» EXERCISE
The answer is the data repeated in full, with no pictures included.

» SUPPLIED DATA

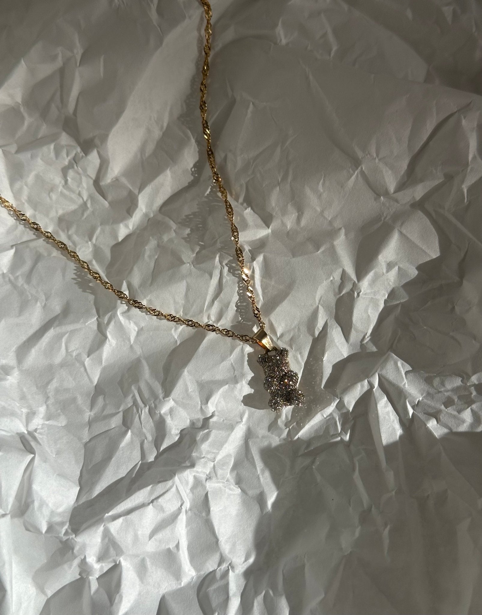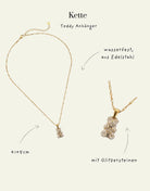 Diese goldene Teddy-Kette jetzt sichern – ein verspieltes Detail mit funkelndem Finish, perfekt als Geschenk oder Lieblingsstück. ✨ Passende Ohrringe & Armbänder findest du in Accessoires.
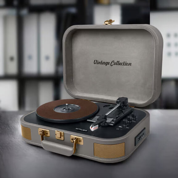 El tocadiscos MUSE MT-201 BTG destaca por su diseño moderno y compacto. Es ideal para quienes buscan un dispositivo versátil con funciones avanzadas de conectividad, todo en un formato pequeño y atractivo.
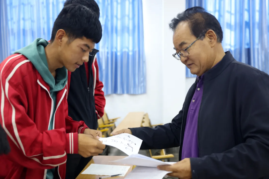 课堂休息期间,陈宝轩将自己创作的书法作品一一分发给学生们,现场掌声阵阵。这些作品不仅是艺术展示,更是对学生们学习书法的鼓励与期许。

» RESPONSE AREA
 Diese goldene Teddy-Kette jetzt sichern – ein verspieltes Detail mit funkelndem Finish, perfekt als Geschenk oder Lieblingsstück. ✨ Passende Ohrringe & Armbänder findest du in Accessoires.
 El tocadiscos MUSE MT-201 BTG destaca por su diseño moderno y compacto. Es ideal para quienes buscan un dispositivo versátil con funciones avanzadas de conectividad, todo en un formato pequeño y atractivo.
 课堂休息期间,陈宝轩将自己创作的书法作品一一分发给学生们,现场掌声阵阵。这些作品不仅是艺术展示,更是对学生们学习书法的鼓励与期许。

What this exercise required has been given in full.